First Officer Jason Dowd was able to quietly signal to flight attendants on Tuesday that Captain Clayton Osbon, who abruptly left the cockpit and witnesses said in court documents had been screaming incoherently about religion and terrorists, might need to be restrained in the cabin.
Passengers said the call soon after came over the public address system "restrain him, restrain him." By that time, flight attendants had selected six men to bring down Osbon, who was tackled in the galley and held until landing.
In the cockpit, things were fast-moving. Dowd was joined by an off-duty pilot with the jetliner at roughly 30,000 feet and cruising at 500 miles per hour (805 kph) on the original flight path from New York to Las Vegas.
Just north of Texas, the Kansas City air traffic center handed the A320 over to Amarillo airport tower controllers to handle the emergency landing, according to people familiar with the matter and air traffic control tapes released by LiveATC.net.
"Control tower: (Jet) Blue 191 declare emergency," crackled the radio at the Amarillo control tower. "Uh, we're going to need priority to get into Amarillo and, uh, we're going to need a few minutes to get everything straightened out."
The responses from the cockpit were clipped as controllers read out coordinates. The crew asked for security and medical help to meet them on the tarmac. JetBlue was cleared to land eight miles from the runway and within a few moments was down safely. The diversion took 20 minutes.
FBI TAKES COCKPIT RECORDER
JetBlue was not confirming the copilot's identify or talking about details of the incident, which remains under investigation. But the airline said it had turned over the plane's cockpit voice recorder CVR.L to the FBI.
The "black box" should allow investigators to compare at least some of the flight deck conversations and other sounds with statements from witnesses about the harrowing flight.
The crew, a JetBlue spokeswoman said, had completed their initial interviews with investigators and were given "down time" by the company. Efforts to reach Dowd, whose actions were hailed publicly as heroic, were not successful.
Osbon remained in custody in Amarillo charged with interfering with a flight crew and awaiting a court appearance. JetBlue executives were in contact with Osbon and his family, the airline said.
JetBlue has returned the Airbus plane to service on a different route.

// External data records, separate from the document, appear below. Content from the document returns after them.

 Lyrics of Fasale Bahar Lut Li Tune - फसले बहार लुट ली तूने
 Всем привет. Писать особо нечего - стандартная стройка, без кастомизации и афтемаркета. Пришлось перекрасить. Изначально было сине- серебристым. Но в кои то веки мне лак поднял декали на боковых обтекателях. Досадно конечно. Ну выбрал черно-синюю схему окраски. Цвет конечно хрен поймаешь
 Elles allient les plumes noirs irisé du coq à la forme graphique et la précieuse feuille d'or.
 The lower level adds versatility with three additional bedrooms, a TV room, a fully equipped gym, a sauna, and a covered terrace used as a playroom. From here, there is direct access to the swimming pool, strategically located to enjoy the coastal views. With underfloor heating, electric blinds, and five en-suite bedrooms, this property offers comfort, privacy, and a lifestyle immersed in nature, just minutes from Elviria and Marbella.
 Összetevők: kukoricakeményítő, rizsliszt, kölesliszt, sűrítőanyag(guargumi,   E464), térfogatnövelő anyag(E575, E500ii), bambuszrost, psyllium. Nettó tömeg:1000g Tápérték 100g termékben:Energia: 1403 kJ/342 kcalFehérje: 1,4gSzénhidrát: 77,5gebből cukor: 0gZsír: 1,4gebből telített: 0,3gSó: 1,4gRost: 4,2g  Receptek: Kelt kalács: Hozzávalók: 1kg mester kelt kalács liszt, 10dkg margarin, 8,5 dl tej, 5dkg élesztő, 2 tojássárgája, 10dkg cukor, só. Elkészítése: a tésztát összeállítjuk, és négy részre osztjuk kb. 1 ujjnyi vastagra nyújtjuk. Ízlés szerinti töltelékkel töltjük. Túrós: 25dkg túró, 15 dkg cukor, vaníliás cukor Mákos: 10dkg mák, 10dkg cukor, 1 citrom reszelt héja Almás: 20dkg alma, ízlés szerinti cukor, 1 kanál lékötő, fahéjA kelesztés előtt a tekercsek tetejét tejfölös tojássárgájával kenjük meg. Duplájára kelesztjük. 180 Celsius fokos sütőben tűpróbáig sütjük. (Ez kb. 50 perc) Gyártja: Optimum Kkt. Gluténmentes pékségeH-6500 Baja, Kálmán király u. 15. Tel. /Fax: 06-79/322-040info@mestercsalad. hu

JetBlue reminded all of its 14,000 employees, including 2,200 pilots, of counseling services and other assistance. The company offered legal help to the crew, including Osbon.

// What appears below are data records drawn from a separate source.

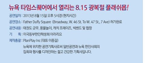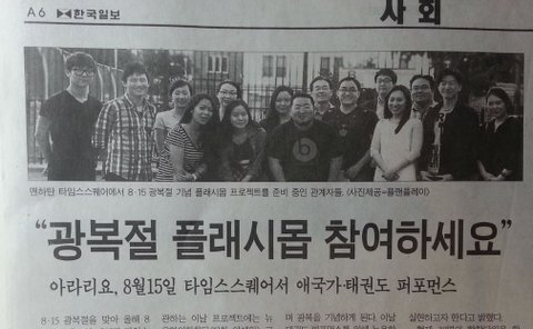 그러하다. 스파이더맨이 날라다니는 그 곳, 어벤져스가 뭉치는 그 곳, 뉴욕 타임스퀘어! 바로 그곳에서 오늘 광.복.절 플래쉬몹이 펼쳐집니다!! 몇 백, 몇 천의 외국인들이 지나다니는 이 광장에서 약 200명에 달하는 한인들이 플래쉬몹을 펼치는 것을 상상해보세요. 태권도군무, 풍물놀이, 빅밴드, 대규모 아리랑합창등으로 퀄리티 높은 대한민국 문화홍보를 한다면 그 외국인들에게 미치는 영향은 실로 엄청날 것입니다!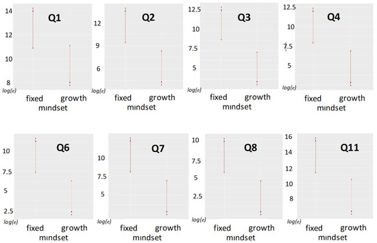 As shown in Figure 6, individual elements of Q are in the main larger in the fixed mindset condition and in the growth mindset condition, suggesting that, as expected, trajectories observed in participants in the fixed mindset condition were more heterogamous in their motion patterns.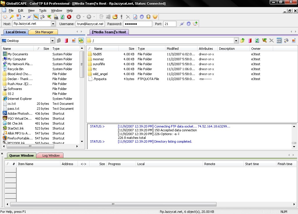 Sau khi điền đầy đủ thông tin, bấm vào nút connect. Đợi cho CuteFTP kết nối vào server, sau đó cửa sổ sẽ như thế này : (CuteFTP có thể quản lý một lúc nhiều hosting)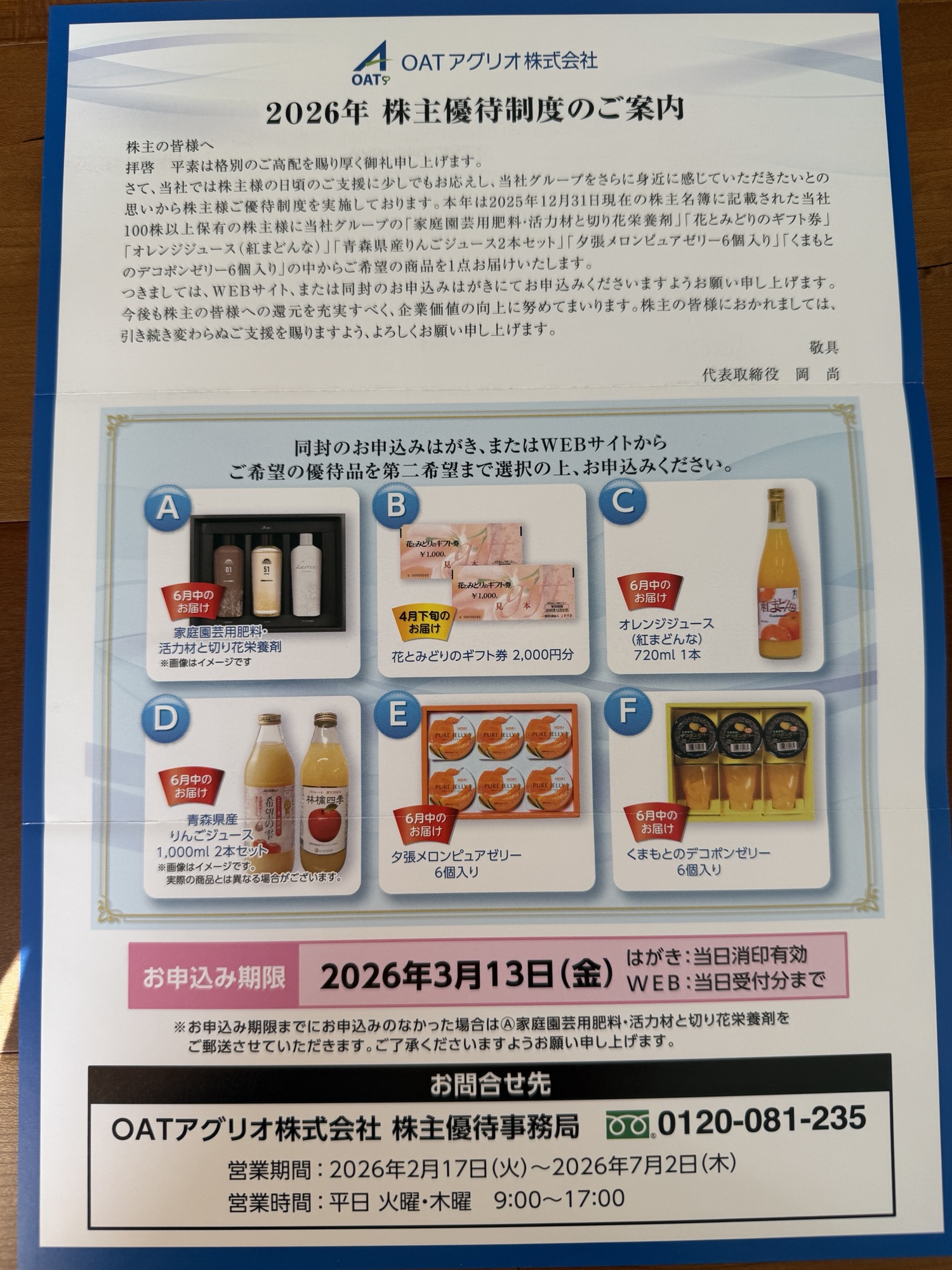 6つの選択肢があります。花とみどりのギフト券が換金性があり、この中では良さそうです。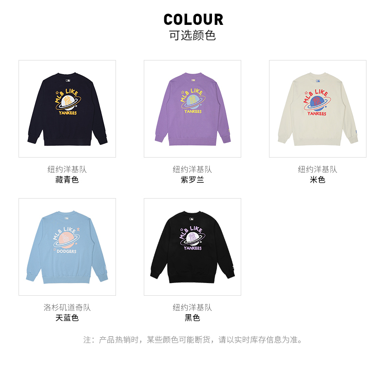 MLB官方 男女卫衣LIKE宽松涂鸦印花情侣款运动21牛年春夏新款MT06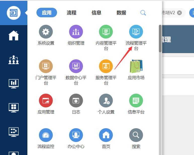 1、以管理员(xadmin)身份登录o2oa开发平台,并且打开应用市场,如下图所示: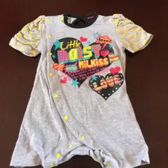 フードと耳付きのグレーのアクリルロンパース、木製ボタン付きの編み物デザイン。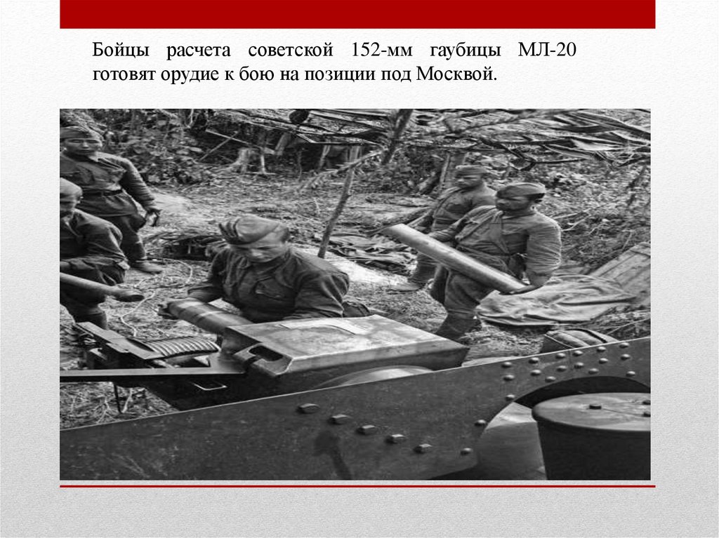 Бойцы расчета советской 152-мм гаубицы МЛ-20готовят орудие к бою на позиции под Москвой.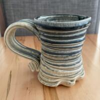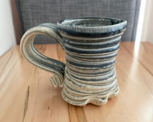 This one is a smaller cup and excellent for tea servings. A green glaze and an organic abstract shape makes it fun to hold. Add his unique handle and you have a piece of art you get to have your nightly chamomile out of!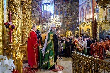 По окончании Литургии епископ Сергиево-Посадский и Дмитровский Кирилл от лица братии Лавры приветствовал Предстоятелей Русской и Сербской Православных Церквей. Святейшему Патриарху Кириллу епископ Кирилл преподнес картину с изображением Лавры, созданную членом Союза художников России А.С. Горбуновым, Святейшему Патриарху Порфирию – икону преподобного Сергия Радонежского.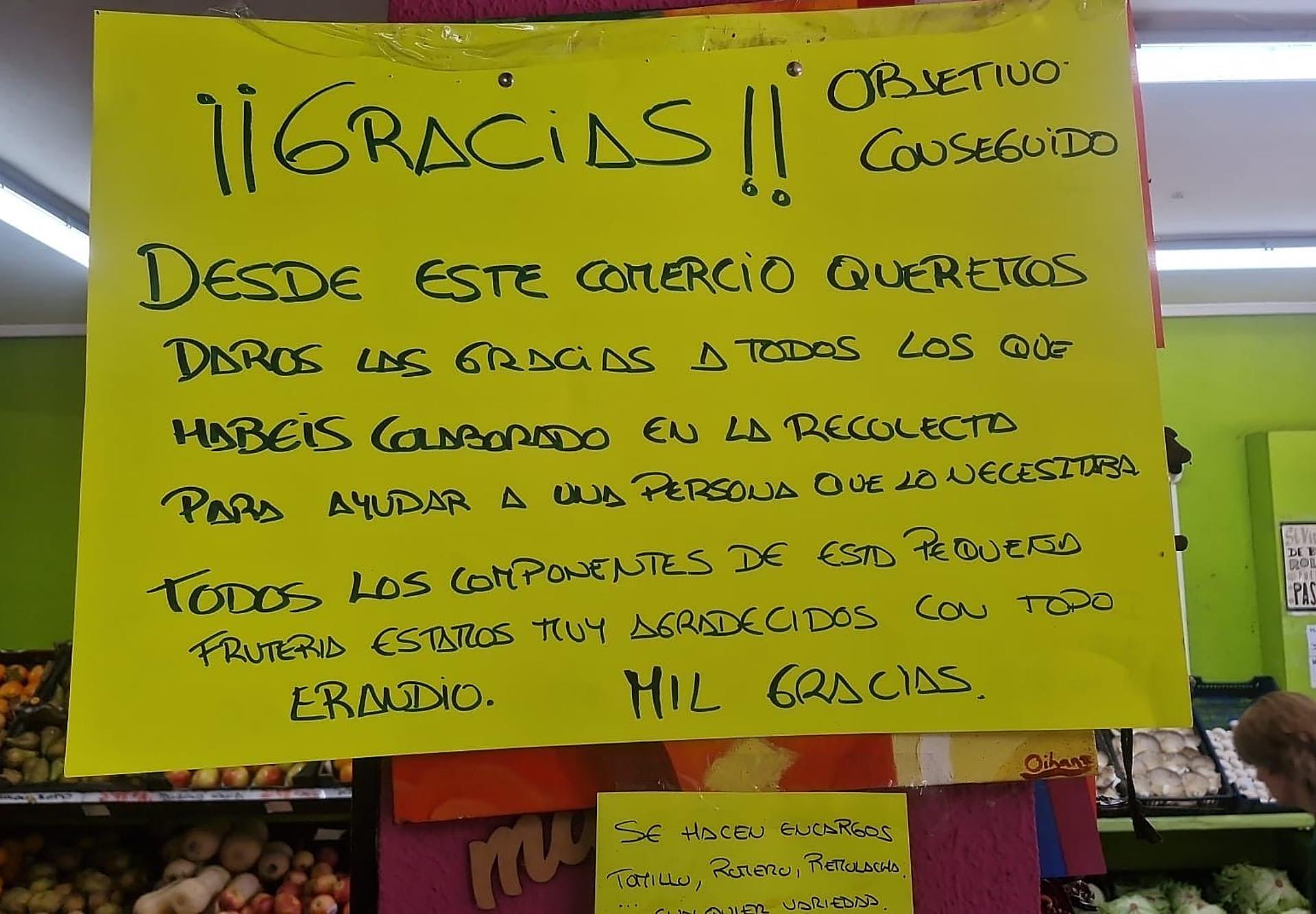 En la iniciativa empezaron a colaborar familiares y conocidos de los trabajadores de la frutería, pero gracias a la difusión se fueron uniendo vecinos y comerciantes de otras localidades. «Hoy he puesto un nuevo cartel en la frutería anunciando que cerramos el 'crowdfunding' porque ya hemos recaudado el importe y dando las gracias a todo el mundo. Creo que es importante hacer las cosas bien. Aún así, ha seguido entrando gente a la tienda para donar». «Cuando aún no sabíamos que la iniciativa iba a tener esta respuesta, hablamos con Mohamed y le dijimos que le íbamos a ayudar nosotros poco a poco para que al menos tuviera para comer, pero al final todo el mundo se ha implicado muchísimo y lo hemos logrado», cuenta Sonia.

The airline also said it would review the incident to see whether the company should change policies on recruitment, training and health screening.

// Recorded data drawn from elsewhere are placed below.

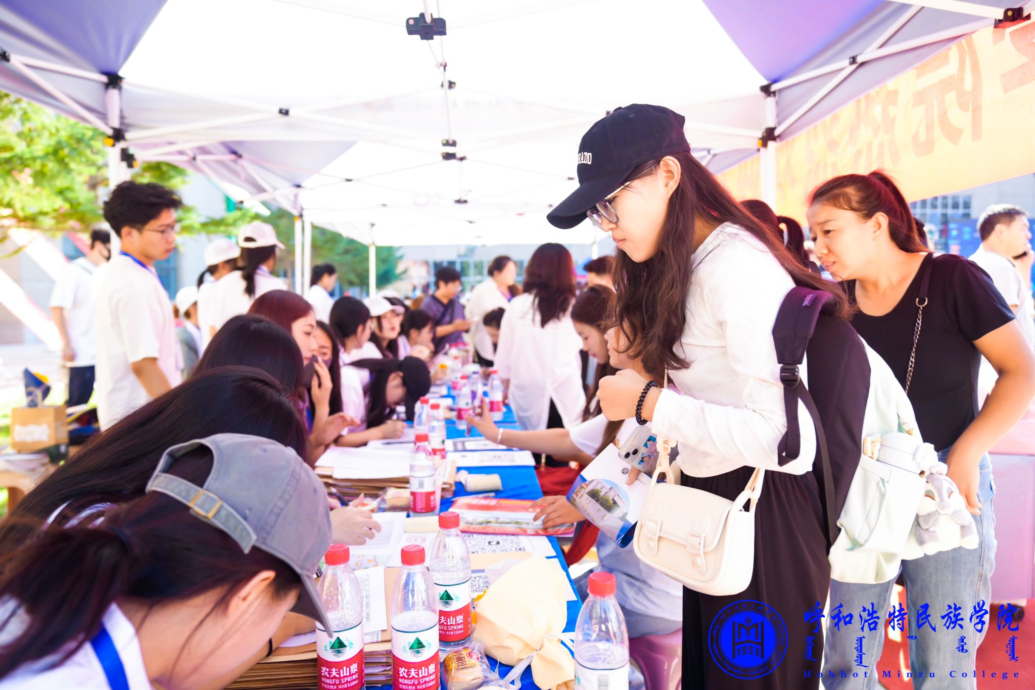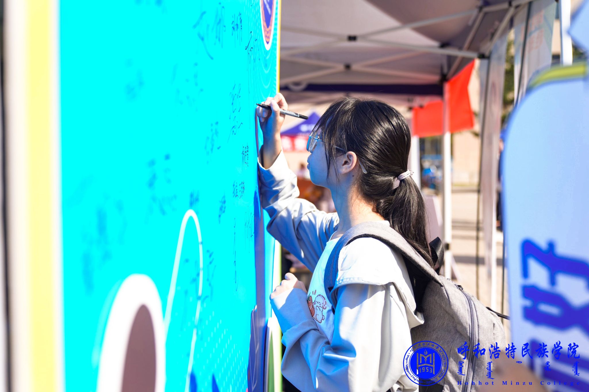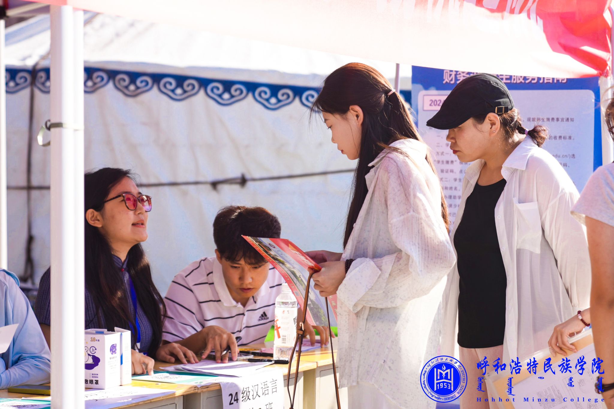 大家有序辦理入學手續(xù),在打卡點合影留念、在2024留言板上留下自己的“呼民院初印象”……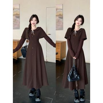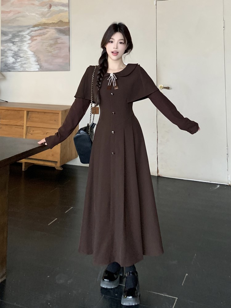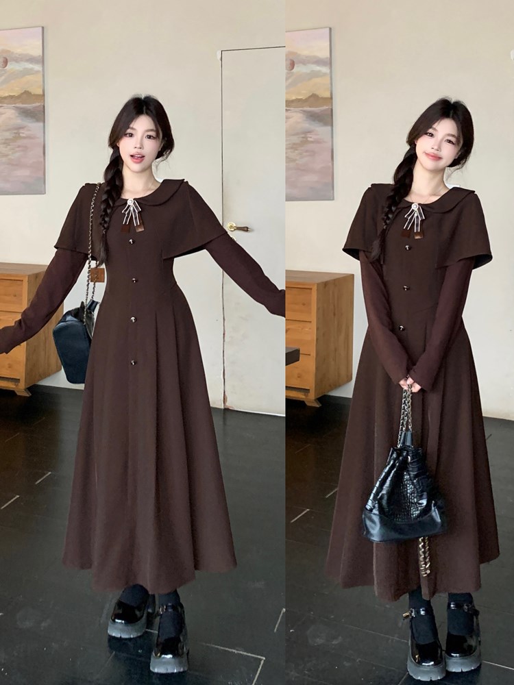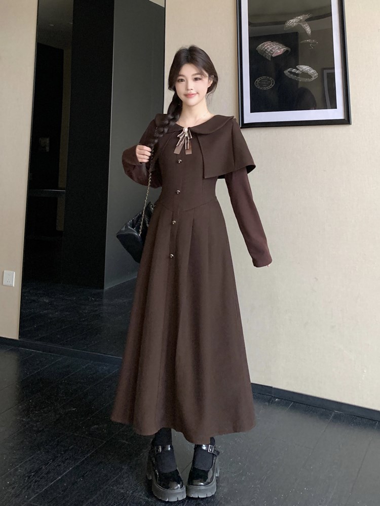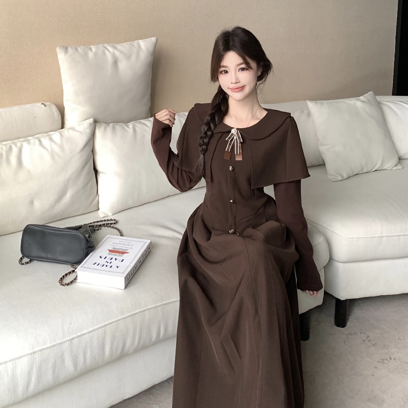 FA52440# 韩系复古斗篷披肩连衣裙女春秋胖mm学院风高级感显瘦长裙子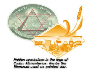 Logo Illuminati dan logo Codex Alimentarius (yang berwarna kuning)
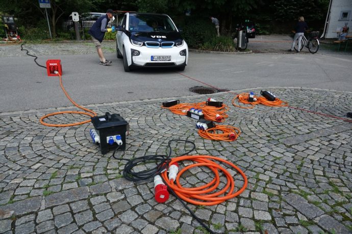 Vor der Ankunft machten viele herumliegende Elektrokabel darauf aufmerksam, dass sich hier bald alles um Elektrizität drehen sollte. Die SAK hatte die bestehende Stromtankstelle mit einem zusätzlichen Verteilkasten ergänzt. Gegen 15 Uhr trafen dann die ersten Teams ein.

"We believe that our recruitment practices and screening policies are thoughtful, and we believe they work well," said JetBlue spokeswoman Jenny Dervin.
"We're going to take a look at everything in relation to the incident itself. Everything is always up for review," Dervin said, noting the carrier follows Federal Aviation Administration guidelines for pilot fitness evaluations.
Like other airlines, JetBlue offers its flight crew a "safety time out" option that allows them to miss work when they are too tired. Dervin said employees face no penalty for calling a time out, but they will be asked the reason.
Dervin said she didn't know how frequently the time outs are used. She said the airline deals with each one on a case-by-case basis and uses them to spot trends in flight crew fatigue.
The Federal Aviation Administration had no comment on the flight controller details, saying the matter was still under investigation.
AIRLINE STRAIN, LIABILITY
The frightening midair meltdown underscored the intense emotional strain among flight crews and passengers, who face long lines, full planes and economic pressures, industry experts said on Thursday.
But they say the JetBlue disruption was an isolated incident that speaks to a broader trend of stress among airline employees and travelers.
"There's nothing about JetBlue, but it suggests to me that the entire transportation system is just wound a little too tight," said consultant Robert Mann, a former airline executive.
He noted in particular lower pay for airline employees, fuller planes and increased financial pressure to keep flights on time. Passengers, meanwhile, are subject to intense security screening and long lines.
Legal experts say it is unclear if JetBlue faces liability over Tuesday's incident.
"The law is if you are employed by a company and you do something that hurts anybody else, then the company is liable." said Juan Serrano, an aviation lawyer with Griffin & Serrano.
If JetBlue had spotted a warning sign of mental strain in the pilot but failed to act, it might be the target of successful lawsuits, he said.
Passengers could file a claim for emotional distress against JetBlue if they can claim some wrongdoing by the airline, like ignoring signs the pilot had mental issues, said Mike Danko of The Danko Law Firm. Danko specializes in aviation lawsuits.
"If they had no knowledge and had done an adequate check into his history, then the company probably would not have any liability," he said.